Amour – Film Review

Amour montage

I met Michael Haneke on Thursday evening, October 4 2012, for a Q & A following the screening of Amour. He had literally just flown in from Europe for a weekend screening of Amour at the NY film film festival. Haneke, who is Austrian, speaks fluent French and German and also has a good grasp of the English language. Although the discussion took place mostly with the assistance of a talented and patient translator the director spoke directly to me, intent on making the most of every level of communication. Haneke knows filmmaking and was open to discussing story, acting, cinematography, set design and not hesitant to point out something I might have missed about his films. In Amour, for instance, there is an unusual moment (for him) when music overlaps two scenes that begin in the concert hall then cut to a later moment in the hall lobby.
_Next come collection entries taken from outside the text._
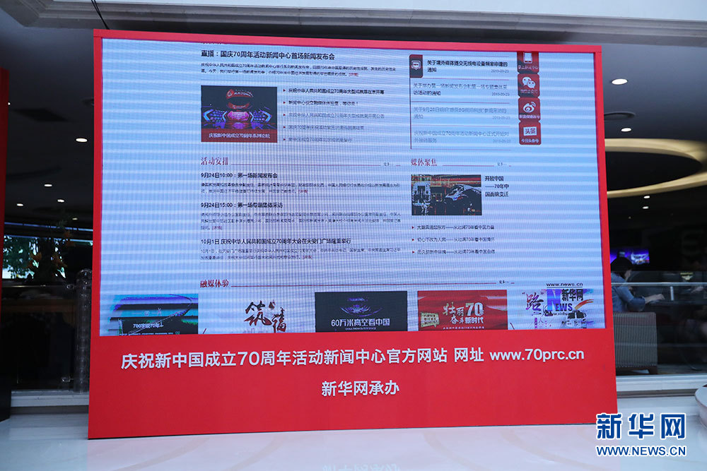 9月24日,慶祝中華人民共和國成立70周年活動(dòng)新聞中心在北京梅地亞中心二層新聞發(fā)布廳舉辦第一場新聞發(fā)布會(huì)。圖為新聞中心現(xiàn)場。新華網(wǎng) 雷東瑞 攝
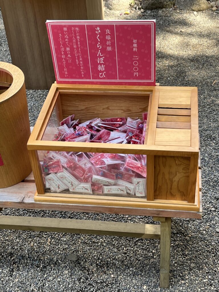 お詣りも無事すんだので、境内を散策 かわったおみくじ さくらんぼ結び 木に結んで、さくらんぼの実のようです🍒
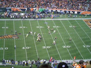 In my three games at Paul Brown Stadium, I have yet to find a bad seat in the house. This year, we were located in the upper deck, but right at mid-field. You can really get a sense for how plays develop when sitting this high up, but at times your depth perception is off a bit…or maybe my eyes are just getting old. Another aspect of the game I felt was tough to measure was field goals. The only way to know if the kicker missed was to watch the crowd behind the goal posts for their reaction.

I mentioned that this was unusual in his films but he pointed out that he had used the technique before – and the ending of Code Unknown, in which a continuous drum track plays over related scenes between the main characters, immediately jumped to mind. Possibly sensing, and maybe appreciating, that I was giving a nod to the formal rigor of his style he crossed himself and said “mea culpa” for his sins (or for mine).

Amour posters

Amour
A Film by Michael Haneke
Review by Thomas W. Campbell

Amour, the new film by Austrian director Michael Haneke, is a transcendent work of art that provokes, engages but never embraces. It marks the return to the screen of two actors who are alive in the minds of anyone who enjoyed the classic art house cinema of the last 60 years. Jean-Louis Trintignant, who was the conformist in Bertolucci’s seminal 1970 film of the same name and also starred in such classic films as 1956’s And God Created Women (Ok, maybe not a classic), A Man and A Woman (1966), and Z (1969) plays Georges Laurent, a retired musician. Trintignant is 81 and was retired himself from filmmaking for 14 years before Haneke, who envisioned the role for only him, lured him back. Playing Anne, his wife, is Emmanuelle Riva, who’s very first role as Elle in Alain Resnais’s debut feature film Hiroshima, Mon Amour launched a 63 year career that includes such work as Jean-Pierre Melville’s Léon Morin, Priest (1961) and Krzysztof Kieslowski’s Three Colors: Blue (1993). Ms. Riva, who is 85, plays Anne, a retired concert pianist and teacher who has settled into a simple and comfortable life with a husband who clearly adores her.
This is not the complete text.